A new study published on 29 November in the journal Science has presented a newly developed iron (Fe) molecule that can function as both a photocatalyst to produce fuel and in solar panels to generate electricity (1). The work builds upon previous studies that have presented candidate iron-based molecules for solar energy applications (2, 3).
Typical solar cells are based on metal complexes ― such as noble metals including ruthenium, osmium, and iridium ― that absorb solar rays and transform them into usable energy.

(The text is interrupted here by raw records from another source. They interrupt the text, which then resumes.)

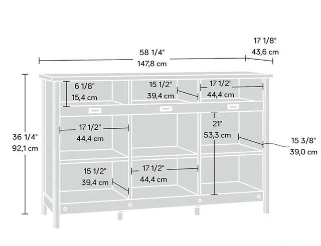 Brand New Credenza/Cabinet. It comes unassembled in original box with all manufacturer parts and hardware for easy assembly. Retails at Canadian Tire for $508 ($450 + tax). Save your money Pickup from south London. I can deliver in London and surrounding area for an extra fee. Sauder Adept 58 Inch Open Storage Credenza Cabinet Sideboard in Soft White Finish Product details: Brand: Sauder Model: 417653 Colour: Soft White Recommended uses for product: Storage Product Dimensions: 147.8D x 43.6W x 92.1H Centimetres Weight: 130.1 lbs (59 kg) Special feature: Shelves Mounting type: Freestanding Enhance any room with this attractive and versatile storage credenza. The cube storage style offers multiple shelves for tucking away baskets and other household items. Features of this storage furniture include: Cubbyhole storage for books, binders, framed photos, collectibles, and more. Accommodates ID label tags for personalized organization. Three adjustable shelves for flexible storage options. Soft White finish with Lintel Oak accent.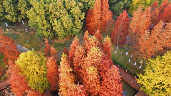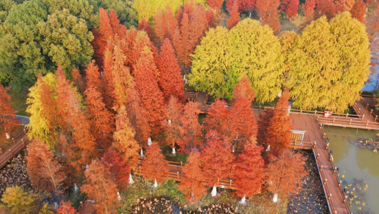 凤凰沟风景区是国家4A级旅游景区,被誉为“南昌后花园”。不同于春夏的繁花似锦,冬季的凤凰沟凭借其特有的水杉景观,展现出一番静谧而热烈的美感。从空中俯瞰,生长在湿地与茶园旁的水杉树高大挺拔,锈红色的树冠连绵成片,与周围依旧苍翠的植被交织出一幅巨大的自然油画,色彩对比鲜明,景色醉人。(虞亮亮)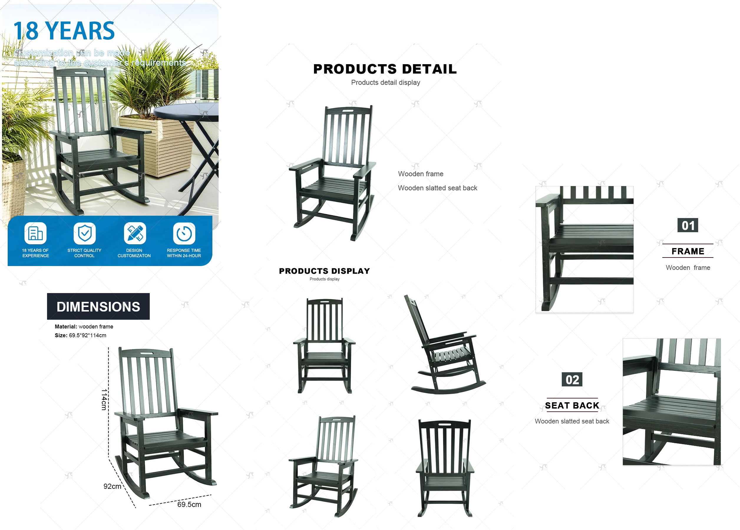 Outdoor Black Garden Leisure Rocking Chair Pool Bench Interior Deck Patio Beach Rocking Solid Wood Patio Villa Courtyard Chair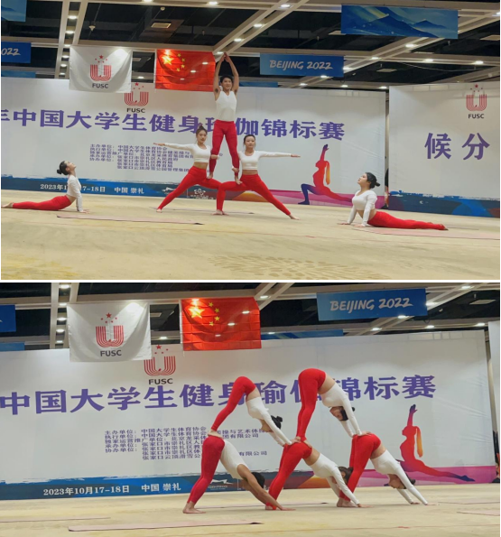 【军体部讯】10月18日,2023年中国大学生健身瑜伽锦标赛在河北省张家口云顶滑雪公园举行。我校瑜伽代表队在主教练徐红的带领下,凭借精湛的技艺,在此次比赛中荣获本科组一级混双第一名和二级小集体第三名的优异成绩。瑜伽代表队运动健儿们拼搏进取,敢于争先,为学校赢得荣誉。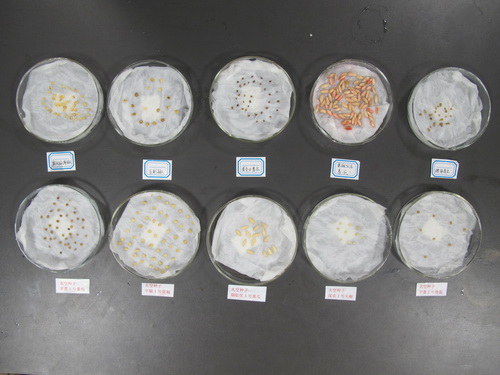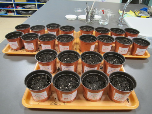 种植前期,我们首先购买了优质的营养土和肥沃田园土按照3:2的比例进行配备,为保证幼苗生长健壮和整齐一致,同学们准备了花盆进行育种,将种子分类放入55°C的热水中进行温汤浸种,以起到杀菌消毒作用。接着将种子放入表面皿中进行催芽,并每隔4~5个小时后对种子进行翻身换气。4月23日下午,90%的种子都已经破嘴或露白,我们开始了花盆育苗,每个花盆内种5粒催好芽的种子,随后覆盖1cm厚的营养土,然后用滴管将土壤表面浸湿,放置在25°C左右的实验室进行育种。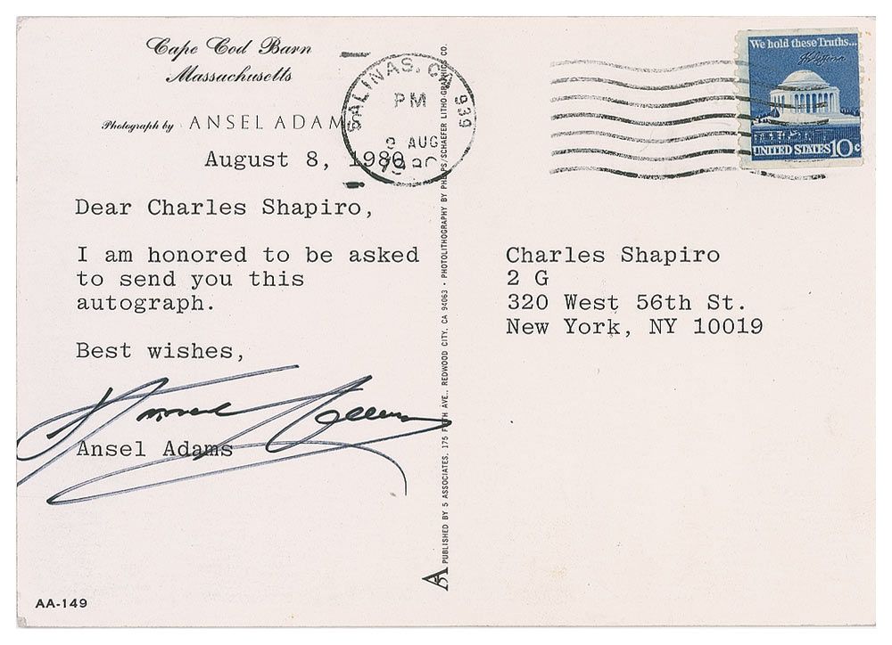 TLS on a postcard featuring Adams’ photo, ‘Cape Cod Barn, Massachusetts,’ 6 x 4. Ansel writes a brief letter to an admirer, in full: “I am honored to be asked to send you this autograph,” beautifully signed at the conclusion in black felt tip. In fine condition.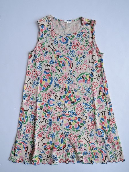 デザイン:mina perhonen 「paradis」のノースリワンピースで、子供用アイテムです。カラーはベージュ、青、緑、ピンク、ブラウンなどで、少し透け感のある天竺ニットです。両肩のスナップボタン開きで、ポケットはございません。裾のヘムはウェーブが施されたロックミシン始末です。 (掲載写真は、実商品のカラーにできるだけ近づけるよう努力はしておりますが、お使いのモニターや画面設定等によっては、色が異なって見える場合もございますので、予めご了承下さい)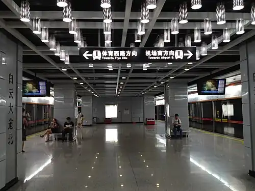 Baiyundadaobei station (simplified Chinese: 白云大道北站; traditional Chinese: 白雲大道北站; Cantonese Yale: Baahk'wàhn Daaihdouh Bāk Jaahm), formerly Yongtai station (永泰站) during planning,[1] is a metro station on Line 3 of the Guangzhou Metro. The underground station is located at the intersection of Guangcong Highway (广从公路) and Jianpeng Road (尖彭路) in the Baiyun District. It started operation on 30 October 2010.[2]

In the study, a team chemists from Lund University and Uppsala University in Sweden and the University of Copenhagen in Denmark used something called advanced molecule design to create a new iron molecule with the potential to replace these more expensive and rarer metals. By comparison, iron is highly abundant and makes up six per cent of the Earth’s crust, and is, therefore, much more available.

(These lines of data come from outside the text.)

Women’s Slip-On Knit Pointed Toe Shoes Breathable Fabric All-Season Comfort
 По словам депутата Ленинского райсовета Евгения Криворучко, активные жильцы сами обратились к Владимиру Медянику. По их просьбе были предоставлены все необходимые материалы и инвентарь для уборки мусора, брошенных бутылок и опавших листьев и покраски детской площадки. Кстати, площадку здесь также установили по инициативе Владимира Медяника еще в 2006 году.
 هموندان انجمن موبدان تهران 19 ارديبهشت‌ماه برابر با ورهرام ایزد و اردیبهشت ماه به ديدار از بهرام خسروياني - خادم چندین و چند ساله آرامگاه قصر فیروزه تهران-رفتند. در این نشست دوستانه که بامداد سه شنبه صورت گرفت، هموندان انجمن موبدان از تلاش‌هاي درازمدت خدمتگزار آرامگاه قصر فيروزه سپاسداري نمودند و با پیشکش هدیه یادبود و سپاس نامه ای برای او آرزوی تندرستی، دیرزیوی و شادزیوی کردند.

The researchers have now shown that this iron molecule could potentially be used as a photocatalyst to produce solar fuel, either as hydrogen through water splitting or as methanol from carbon dioxide (CO2). The molecule is capable of capturing and retaining energy from solar rays for a sufficiently long period of time to allow it to react with other molecules.
Moreover, this is the first time scientists have shown that an iron-based material “exhibits strong, visible, room temperature photoluminescence.” In other words, the iron molecule can glow long enough produce light that can be seen with the naked eye at room temperature. While the current photoluminescence of the complex is still quite low, the authors suggest it would be an interesting avenue to pursue. With further improvements, the molecule could have enormous potential in light-emitting technologies, for example, as materials for light-emitting diodes (LEDs).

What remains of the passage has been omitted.